#### ABOUT THIS EXERCISE:
Once you find the line containing "吉好有果和吉好也求在新居前烤火。罗园 摄" in the data below, copy it and each following line exactly, up to and including the line containing "晚会现场揭晓了前期通过学院团", and nothing else.

#### DATA FOR THIS TASK:
[Start of section]

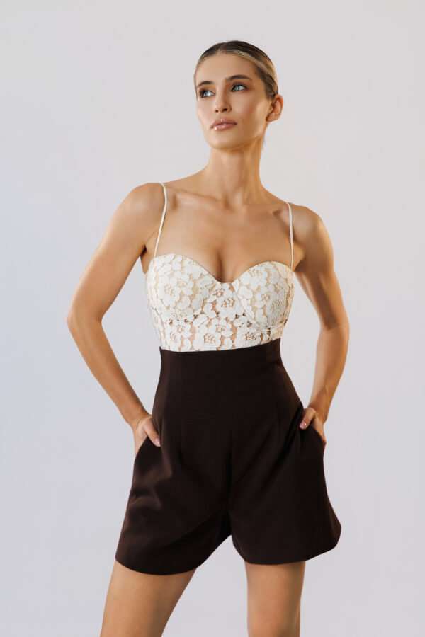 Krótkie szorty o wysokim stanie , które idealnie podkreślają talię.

[End of section]
[Start of section]

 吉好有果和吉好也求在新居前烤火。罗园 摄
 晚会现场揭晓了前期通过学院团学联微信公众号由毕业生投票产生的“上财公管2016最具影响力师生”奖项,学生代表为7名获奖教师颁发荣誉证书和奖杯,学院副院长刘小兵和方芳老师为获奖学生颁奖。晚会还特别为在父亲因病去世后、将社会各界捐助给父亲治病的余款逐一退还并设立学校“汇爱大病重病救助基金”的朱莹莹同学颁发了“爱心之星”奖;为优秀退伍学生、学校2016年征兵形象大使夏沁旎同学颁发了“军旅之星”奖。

[End of section]

#### ANSWER TO THIS PROBLEM:
 吉好有果和吉好也求在新居前烤火。罗园 摄
 晚会现场揭晓了前期通过学院团学联微信公众号由毕业生投票产生的“上财公管2016最具影响力师生”奖项,学生代表为7名获奖教师颁发荣誉证书和奖杯,学院副院长刘小兵和方芳老师为获奖学生颁奖。晚会还特别为在父亲因病去世后、将社会各界捐助给父亲治病的余款逐一退还并设立学校“汇爱大病重病救助基金”的朱莹莹同学颁发了“爱心之星”奖;为优秀退伍学生、学校2016年征兵形象大使夏沁旎同学颁发了“军旅之星”奖。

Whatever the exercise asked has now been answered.